(Source data)
+++

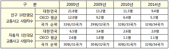 OECD 회원국과 우리나라의 교통안전수준 비교(제공=도로교통공단, 교통안전연구원) |
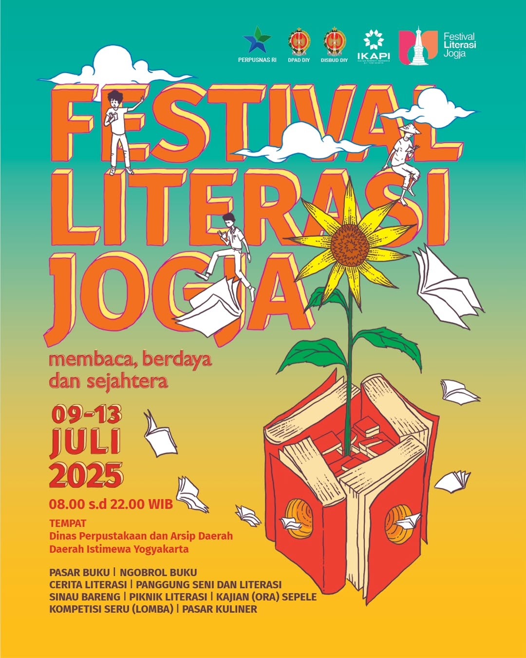 Yogyakarta, 30 Juni 2025 — Dinas Perpustakaan dan Arsip Daerah Daerah Istimewa Yogyakarta (DIY) akan menjadi tuan rumah Festival Literasi Jogja 2025 yang dijadwalkan berlangsung pada 9 hingga 13 Juli mendatang. Acara ini akan diselenggarakan setiap hari mulai pukul 08.00 hingga 22.00 WIB.
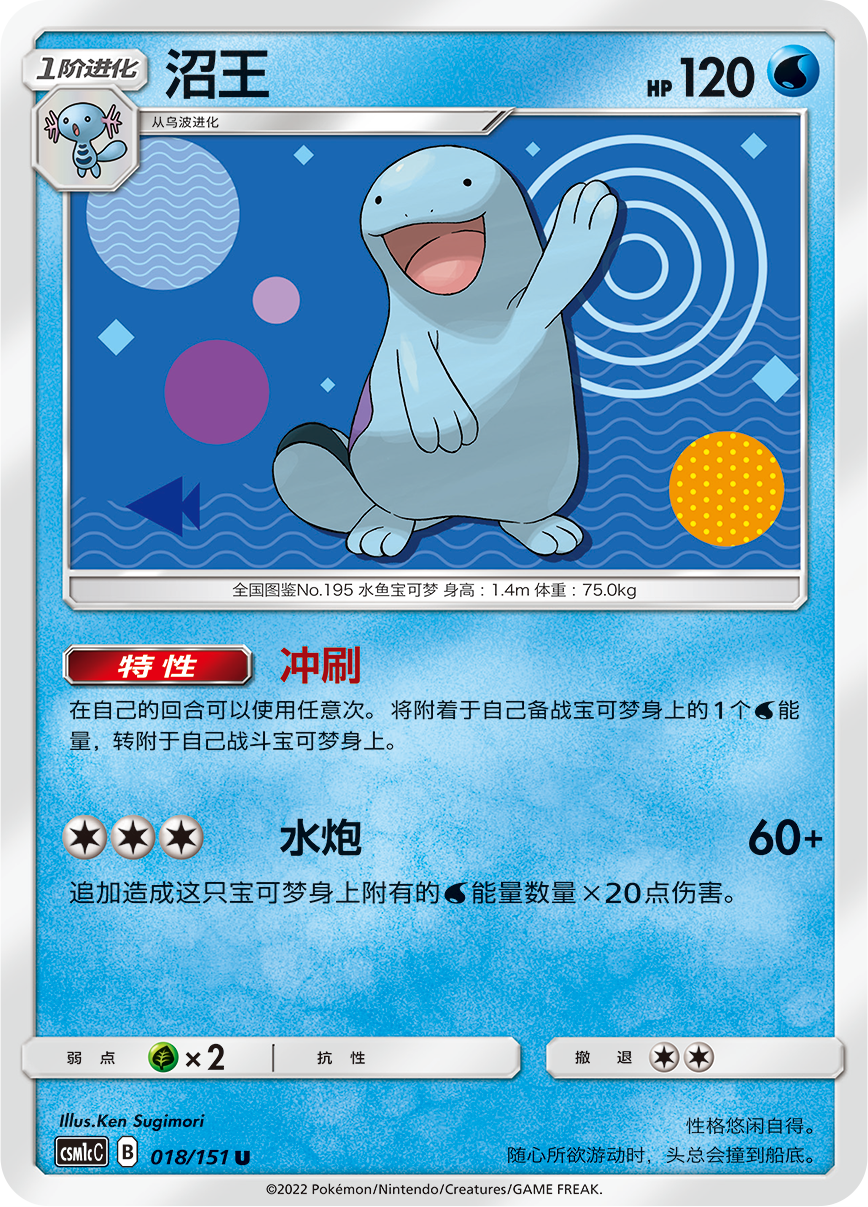 宝可梦【沼王】的特性【冲刷】可将自己身上附着的1个水能量转附给战斗宝可梦,招式【水炮】也是自己附着的水能量越多造成的伤害也越大。【水补丁】则能将弃牌区的1张水能量附着于备战区的水属性宝可梦身上,通过和帕路奇亚GX的配合就能让水能量的使用效率最大化。
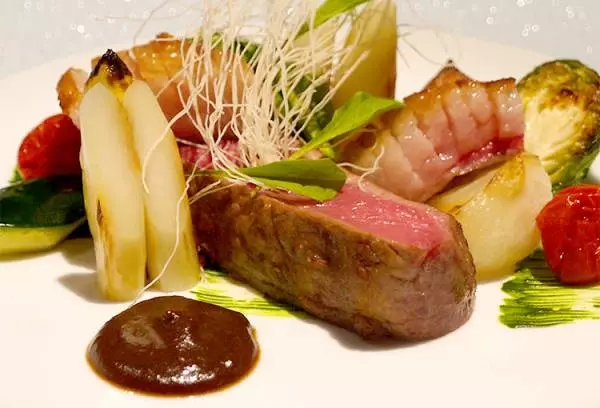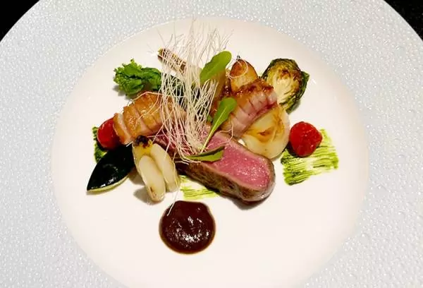 続いてご紹介するのは『仔羊の背肉のロースト』。9,900円のコースの一品です。じっくりローストされた仔羊は美しいロゼ色。キメは細かく柔らかく、噛むほどに味わい深くなる赤身肉ならではの旨味を堪能できます。
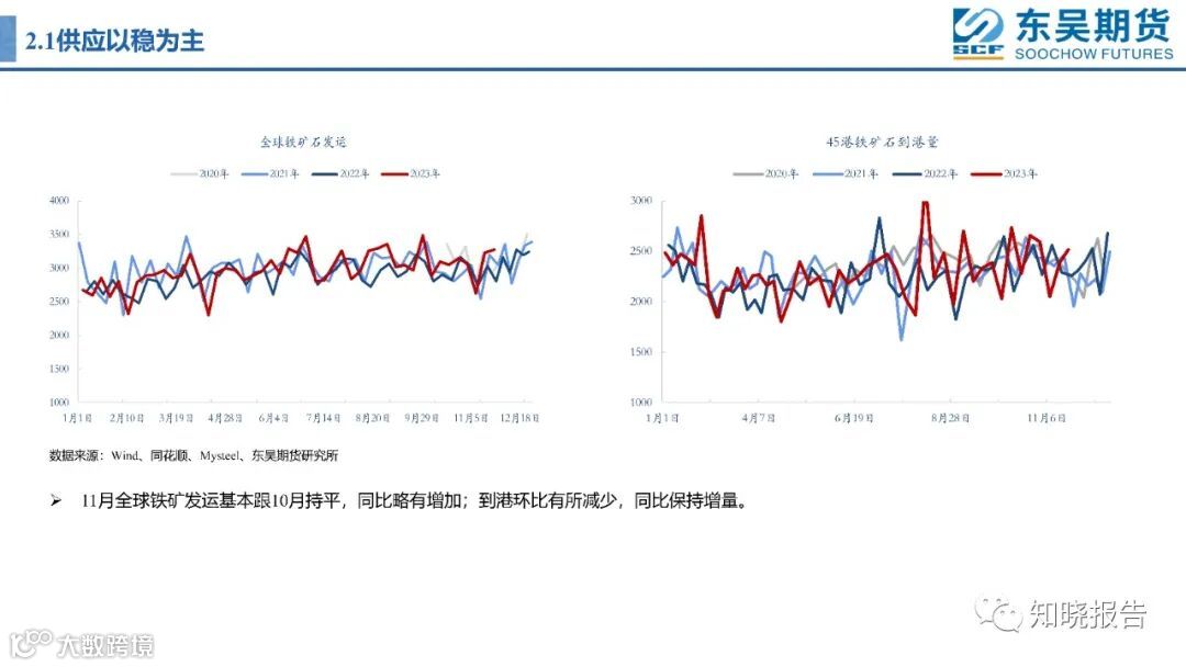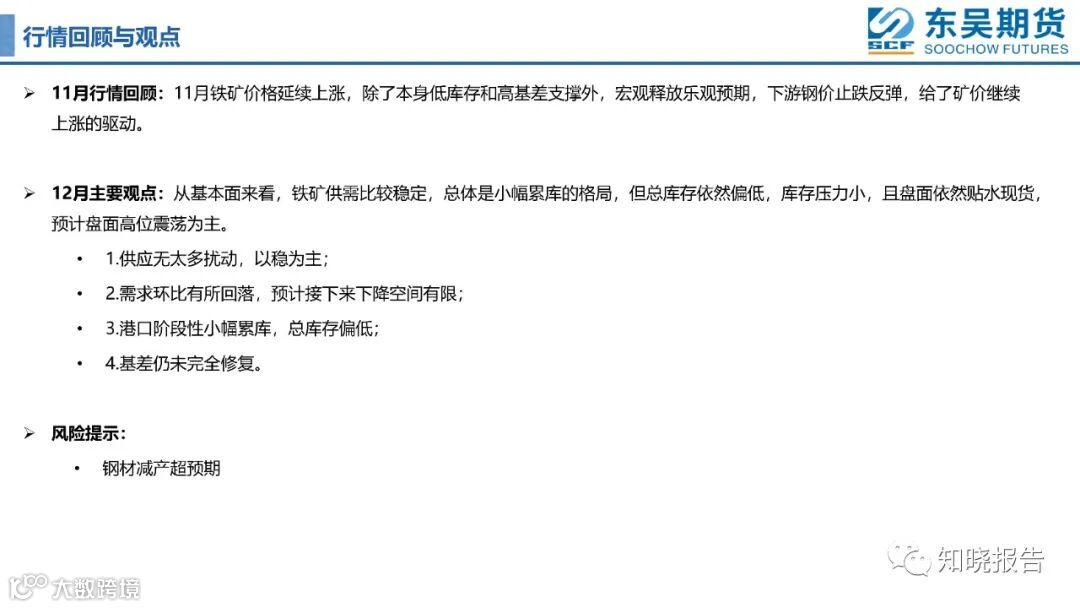 11月行情回顾:11月铁矿价格延续上涨,除了本身低库存和高基差支撑外,宏观释放乐观预期,下游钢价止跌反弹,给了矿价继续上涨的驱动。
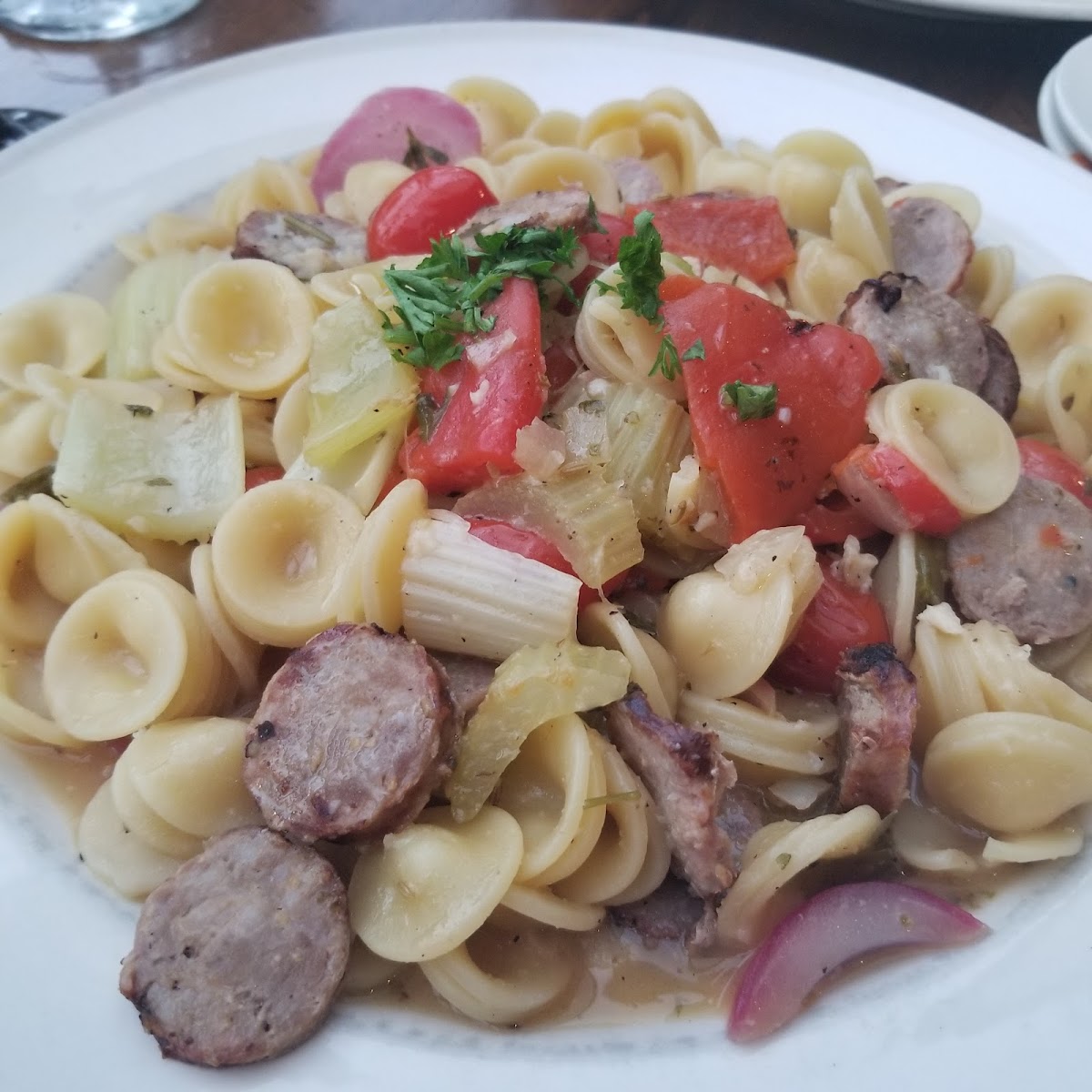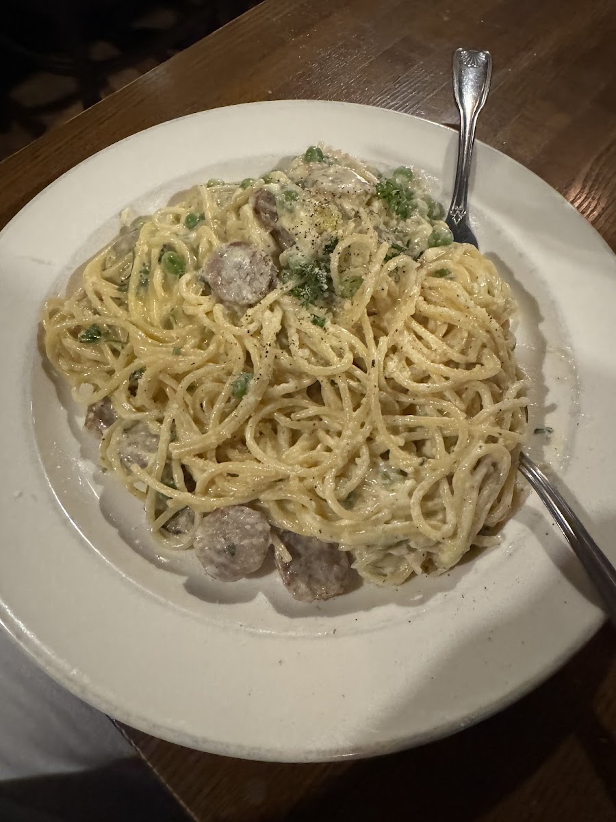 I Came across this place while driving through this cute town. As soon as I’m entered, I was greeted by three different women. One was a customer at the bar. One came with children as well, and they came to greet me. Then, a third, approached me, and welcomed me. To me, that set the stage for such a friendly and inviting restaurant. It seems to have regular customers, and everybody knows each other and greet each other with news of their own families. The waitress was prompt to sit me in a comfortable table and asked me if I would like something to drink. I asked her questions about how the food is cooked and she was very candid with me. I really appreciate that. I ordered the pasta fagioli. It was very tasty and the fresh celery elevated it for me. The small shells were a little overcooked, and that was the only flaw of my meal. I ordered the spaghetti carbonara with sausage, and that is what’s pictured below. The sauce was delicious. The macaroni was done to perfection. Al dente. The small coins of sausage were sliced for easy eating. If I am up this way again, I would definitely stop here for some very good unassuming Italian food.
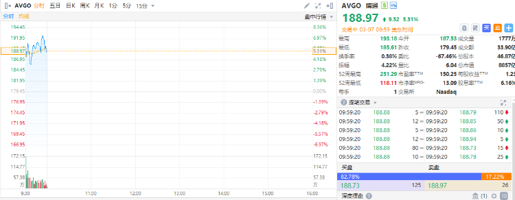 博通大漲超5%,第一財季業績超預期,AI芯片需求展望積極。

+++

## PROBLEM TO SOLVE:
Word for word, quote the lines above. Omit the pictures.

## EXERCISE RESPONSE:
 OECD 회원국과 우리나라의 교통안전수준 비교(제공=도로교통공단, 교통안전연구원) |
 Yogyakarta, 30 Juni 2025 — Dinas Perpustakaan dan Arsip Daerah Daerah Istimewa Yogyakarta (DIY) akan menjadi tuan rumah Festival Literasi Jogja 2025 yang dijadwalkan berlangsung pada 9 hingga 13 Juli mendatang. Acara ini akan diselenggarakan setiap hari mulai pukul 08.00 hingga 22.00 WIB.
 宝可梦【沼王】的特性【冲刷】可将自己身上附着的1个水能量转附给战斗宝可梦,招式【水炮】也是自己附着的水能量越多造成的伤害也越大。【水补丁】则能将弃牌区的1张水能量附着于备战区的水属性宝可梦身上,通过和帕路奇亚GX的配合就能让水能量的使用效率最大化。
 続いてご紹介するのは『仔羊の背肉のロースト』。9,900円のコースの一品です。じっくりローストされた仔羊は美しいロゼ色。キメは細かく柔らかく、噛むほどに味わい深くなる赤身肉ならではの旨味を堪能できます。
 11月行情回顾:11月铁矿价格延续上涨,除了本身低库存和高基差支撑外,宏观释放乐观预期,下游钢价止跌反弹,给了矿价继续上涨的驱动。
 I Came across this place while driving through this cute town. As soon as I’m entered, I was greeted by three different women. One was a customer at the bar. One came with children as well, and they came to greet me. Then, a third, approached me, and welcomed me. To me, that set the stage for such a friendly and inviting restaurant. It seems to have regular customers, and everybody knows each other and greet each other with news of their own families. The waitress was prompt to sit me in a comfortable table and asked me if I would like something to drink. I asked her questions about how the food is cooked and she was very candid with me. I really appreciate that. I ordered the pasta fagioli. It was very tasty and the fresh celery elevated it for me. The small shells were a little overcooked, and that was the only flaw of my meal. I ordered the spaghetti carbonara with sausage, and that is what’s pictured below. The sauce was delicious. The macaroni was done to perfection. Al dente. The small coins of sausage were sliced for easy eating. If I am up this way again, I would definitely stop here for some very good unassuming Italian food.
 博通大漲超5%,第一財季業績超預期,AI芯片需求展望積極。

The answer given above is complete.